Task item => Transcribe every entry that follows exactly, omitting all pictures.

Dataset entries:
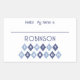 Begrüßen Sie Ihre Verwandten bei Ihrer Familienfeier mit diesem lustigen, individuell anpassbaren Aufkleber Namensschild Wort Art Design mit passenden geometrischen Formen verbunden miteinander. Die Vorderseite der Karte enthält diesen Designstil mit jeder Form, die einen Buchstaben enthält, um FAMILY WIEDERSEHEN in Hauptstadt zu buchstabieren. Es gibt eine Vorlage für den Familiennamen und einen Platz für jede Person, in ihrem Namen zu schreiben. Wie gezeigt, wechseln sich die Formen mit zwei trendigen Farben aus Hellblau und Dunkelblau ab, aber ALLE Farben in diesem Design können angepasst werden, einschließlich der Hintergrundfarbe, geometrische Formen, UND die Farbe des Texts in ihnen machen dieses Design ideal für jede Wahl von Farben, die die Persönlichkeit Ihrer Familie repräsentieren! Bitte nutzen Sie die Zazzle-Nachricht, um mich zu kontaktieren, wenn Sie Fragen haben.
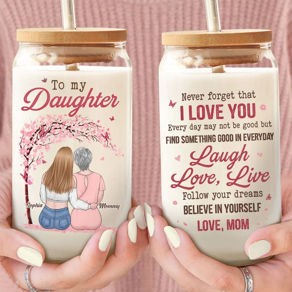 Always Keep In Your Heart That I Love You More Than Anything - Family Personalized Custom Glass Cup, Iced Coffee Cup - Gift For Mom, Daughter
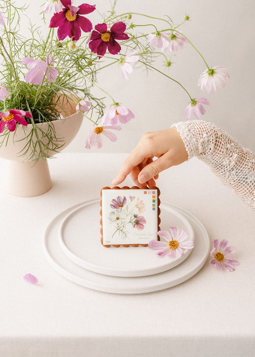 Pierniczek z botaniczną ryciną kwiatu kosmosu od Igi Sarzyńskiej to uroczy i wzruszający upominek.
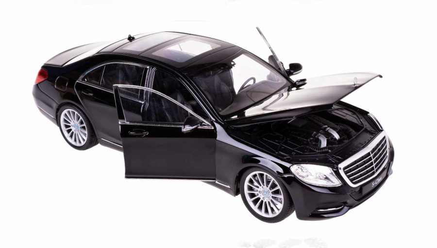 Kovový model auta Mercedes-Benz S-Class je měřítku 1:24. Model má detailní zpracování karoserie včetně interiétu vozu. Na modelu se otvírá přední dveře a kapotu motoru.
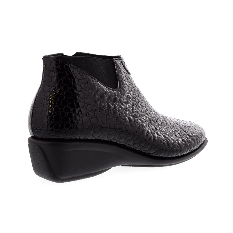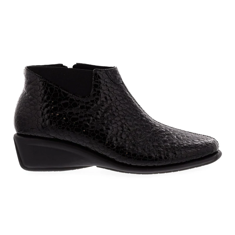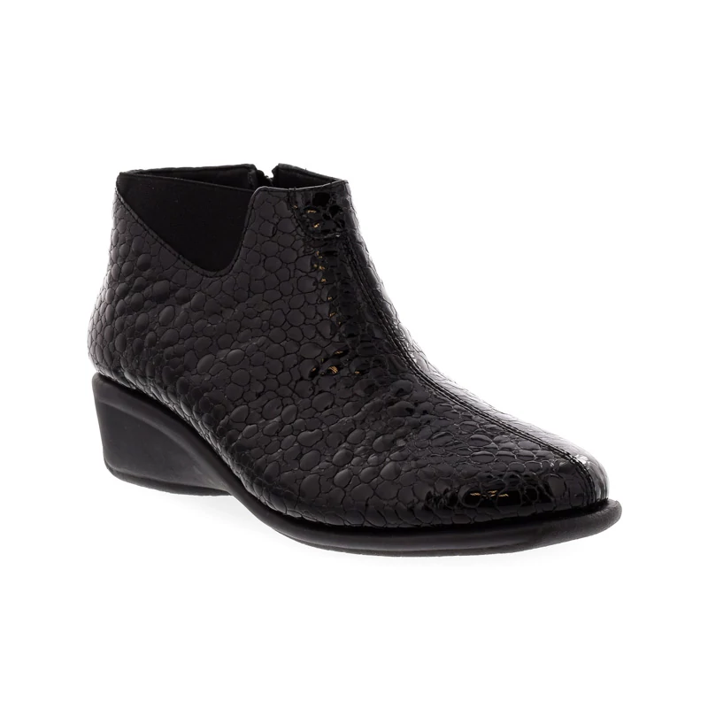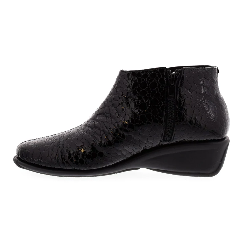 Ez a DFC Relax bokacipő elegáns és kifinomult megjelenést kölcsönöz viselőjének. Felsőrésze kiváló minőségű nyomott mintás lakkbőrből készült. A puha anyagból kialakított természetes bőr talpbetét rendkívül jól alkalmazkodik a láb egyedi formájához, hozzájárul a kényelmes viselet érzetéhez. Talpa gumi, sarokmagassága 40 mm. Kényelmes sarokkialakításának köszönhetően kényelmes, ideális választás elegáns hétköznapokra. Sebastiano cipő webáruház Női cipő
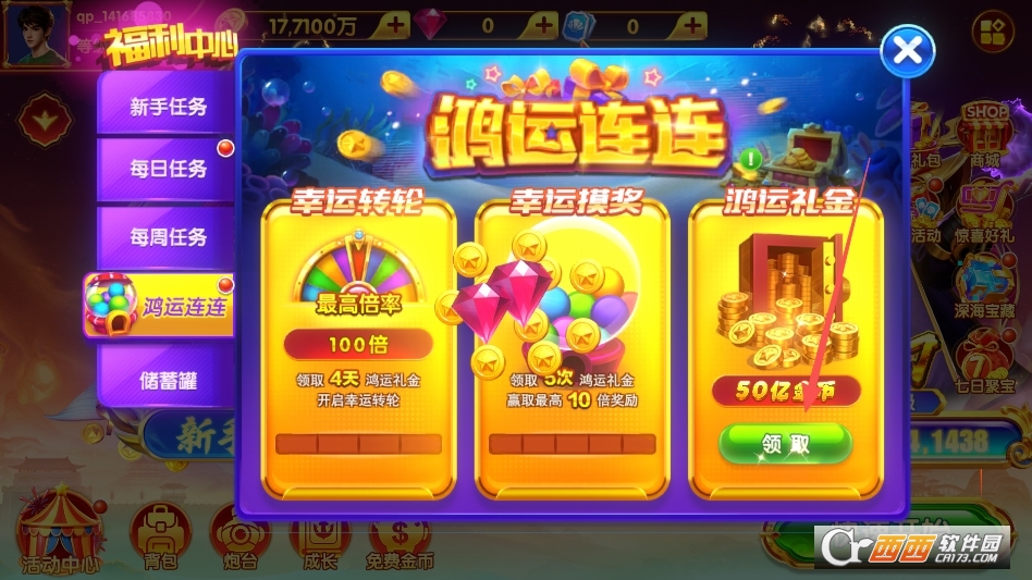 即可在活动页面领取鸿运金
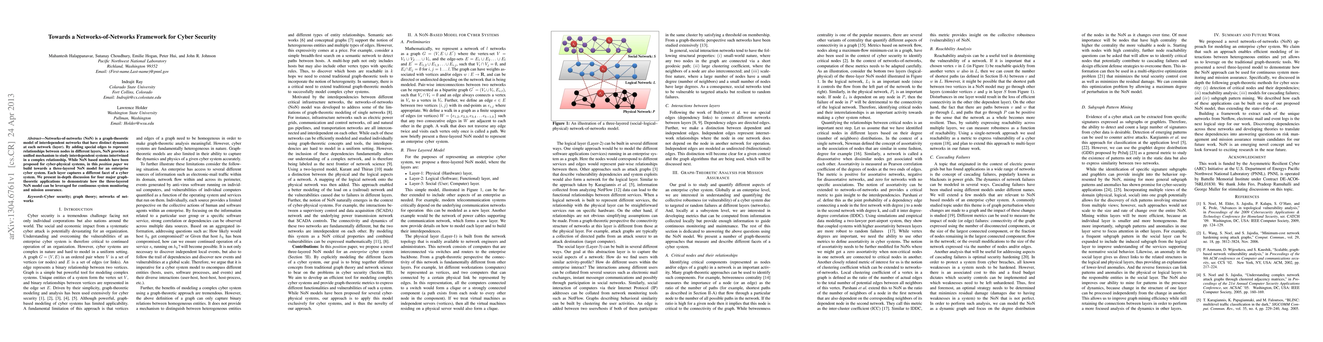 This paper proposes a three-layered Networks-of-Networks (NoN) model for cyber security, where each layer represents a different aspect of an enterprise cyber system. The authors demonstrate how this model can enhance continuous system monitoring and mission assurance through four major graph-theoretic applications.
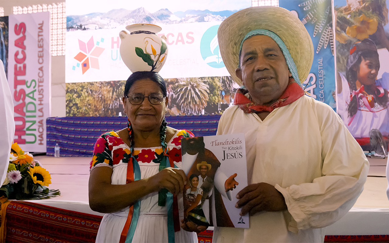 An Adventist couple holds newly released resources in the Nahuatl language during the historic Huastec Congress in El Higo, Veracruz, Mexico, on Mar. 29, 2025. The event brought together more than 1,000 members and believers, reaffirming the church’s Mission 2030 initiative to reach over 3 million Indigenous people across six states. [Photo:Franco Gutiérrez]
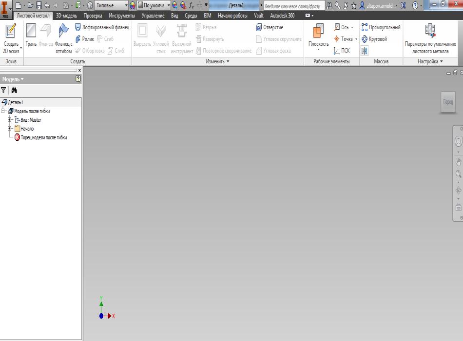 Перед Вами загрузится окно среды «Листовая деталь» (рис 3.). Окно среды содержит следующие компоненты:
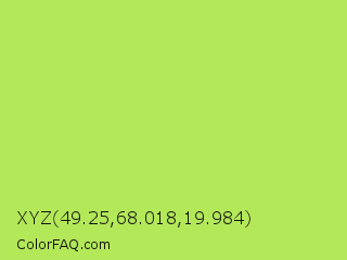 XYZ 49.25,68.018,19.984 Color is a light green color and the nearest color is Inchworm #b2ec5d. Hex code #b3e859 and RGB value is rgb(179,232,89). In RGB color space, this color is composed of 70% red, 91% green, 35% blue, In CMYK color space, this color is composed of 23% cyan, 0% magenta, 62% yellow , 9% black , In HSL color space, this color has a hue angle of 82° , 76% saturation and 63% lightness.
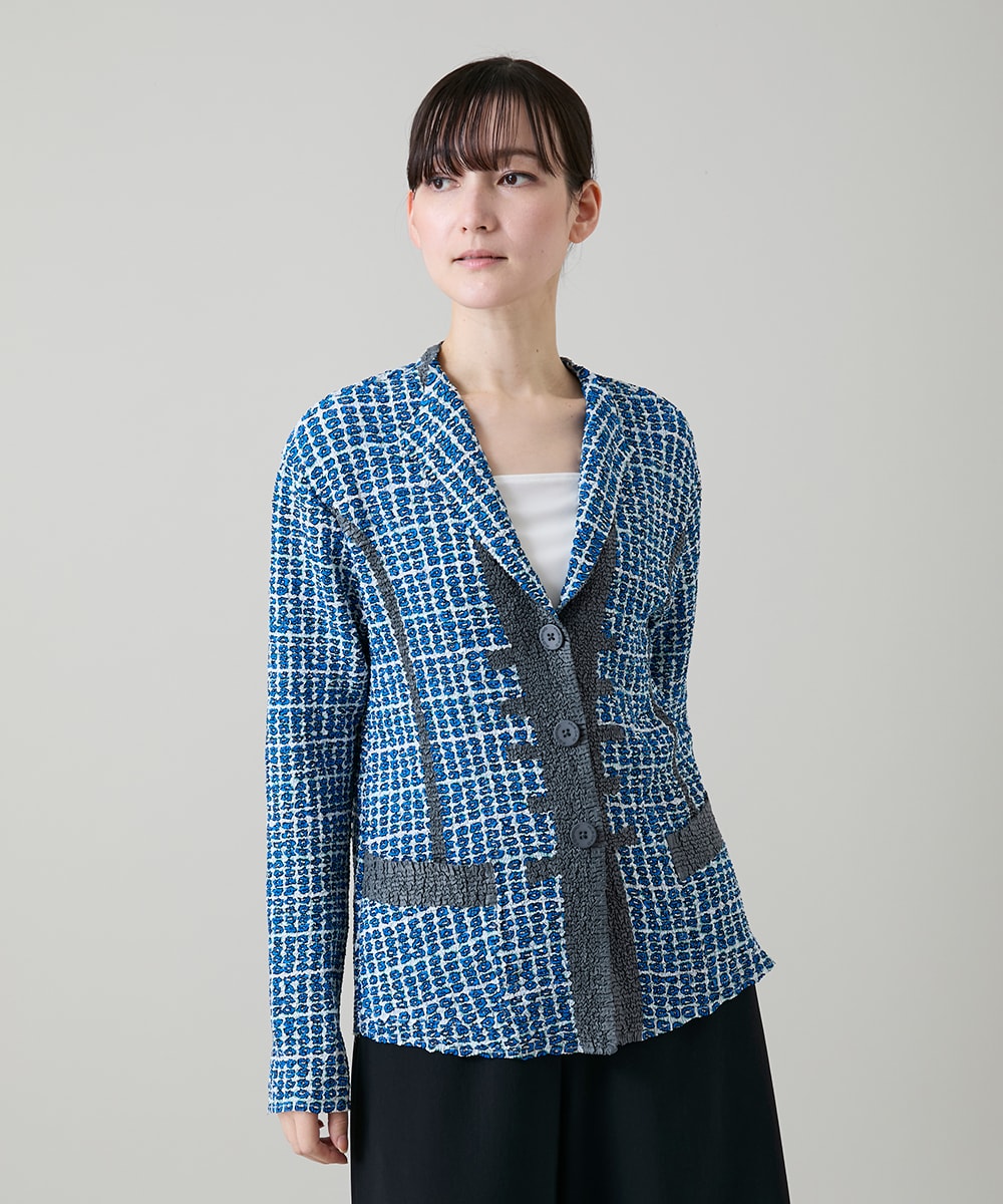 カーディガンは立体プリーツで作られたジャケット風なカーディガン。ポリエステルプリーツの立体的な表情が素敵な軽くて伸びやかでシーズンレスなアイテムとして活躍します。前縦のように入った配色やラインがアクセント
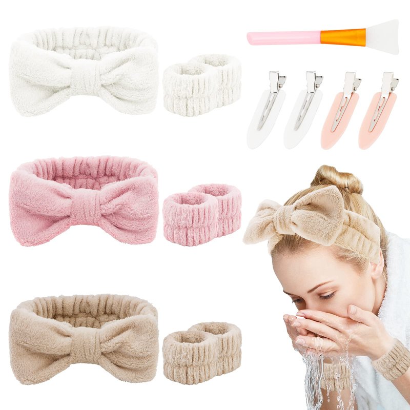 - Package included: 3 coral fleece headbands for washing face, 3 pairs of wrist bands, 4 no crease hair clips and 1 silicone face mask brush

Completed exercise =>
 Begrüßen Sie Ihre Verwandten bei Ihrer Familienfeier mit diesem lustigen, individuell anpassbaren Aufkleber Namensschild Wort Art Design mit passenden geometrischen Formen verbunden miteinander. Die Vorderseite der Karte enthält diesen Designstil mit jeder Form, die einen Buchstaben enthält, um FAMILY WIEDERSEHEN in Hauptstadt zu buchstabieren. Es gibt eine Vorlage für den Familiennamen und einen Platz für jede Person, in ihrem Namen zu schreiben. Wie gezeigt, wechseln sich die Formen mit zwei trendigen Farben aus Hellblau und Dunkelblau ab, aber ALLE Farben in diesem Design können angepasst werden, einschließlich der Hintergrundfarbe, geometrische Formen, UND die Farbe des Texts in ihnen machen dieses Design ideal für jede Wahl von Farben, die die Persönlichkeit Ihrer Familie repräsentieren! Bitte nutzen Sie die Zazzle-Nachricht, um mich zu kontaktieren, wenn Sie Fragen haben.
 Always Keep In Your Heart That I Love You More Than Anything - Family Personalized Custom Glass Cup, Iced Coffee Cup - Gift For Mom, Daughter
 Pierniczek z botaniczną ryciną kwiatu kosmosu od Igi Sarzyńskiej to uroczy i wzruszający upominek.
 Kovový model auta Mercedes-Benz S-Class je měřítku 1:24. Model má detailní zpracování karoserie včetně interiétu vozu. Na modelu se otvírá přední dveře a kapotu motoru.
 Ez a DFC Relax bokacipő elegáns és kifinomult megjelenést kölcsönöz viselőjének. Felsőrésze kiváló minőségű nyomott mintás lakkbőrből készült. A puha anyagból kialakított természetes bőr talpbetét rendkívül jól alkalmazkodik a láb egyedi formájához, hozzájárul a kényelmes viselet érzetéhez. Talpa gumi, sarokmagassága 40 mm. Kényelmes sarokkialakításának köszönhetően kényelmes, ideális választás elegáns hétköznapokra. Sebastiano cipő webáruház Női cipő
 即可在活动页面领取鸿运金
 This paper proposes a three-layered Networks-of-Networks (NoN) model for cyber security, where each layer represents a different aspect of an enterprise cyber system. The authors demonstrate how this model can enhance continuous system monitoring and mission assurance through four major graph-theoretic applications.
 An Adventist couple holds newly released resources in the Nahuatl language during the historic Huastec Congress in El Higo, Veracruz, Mexico, on Mar. 29, 2025. The event brought together more than 1,000 members and believers, reaffirming the church’s Mission 2030 initiative to reach over 3 million Indigenous people across six states. [Photo:Franco Gutiérrez]
 Перед Вами загрузится окно среды «Листовая деталь» (рис 3.). Окно среды содержит следующие компоненты:
 XYZ 49.25,68.018,19.984 Color is a light green color and the nearest color is Inchworm #b2ec5d. Hex code #b3e859 and RGB value is rgb(179,232,89). In RGB color space, this color is composed of 70% red, 91% green, 35% blue, In CMYK color space, this color is composed of 23% cyan, 0% magenta, 62% yellow , 9% black , In HSL color space, this color has a hue angle of 82° , 76% saturation and 63% lightness.
 カーディガンは立体プリーツで作られたジャケット風なカーディガン。ポリエステルプリーツの立体的な表情が素敵な軽くて伸びやかでシーズンレスなアイテムとして活躍します。前縦のように入った配色やラインがアクセント
 - Package included: 3 coral fleece headbands for washing face, 3 pairs of wrist bands, 4 no crease hair clips and 1 silicone face mask brush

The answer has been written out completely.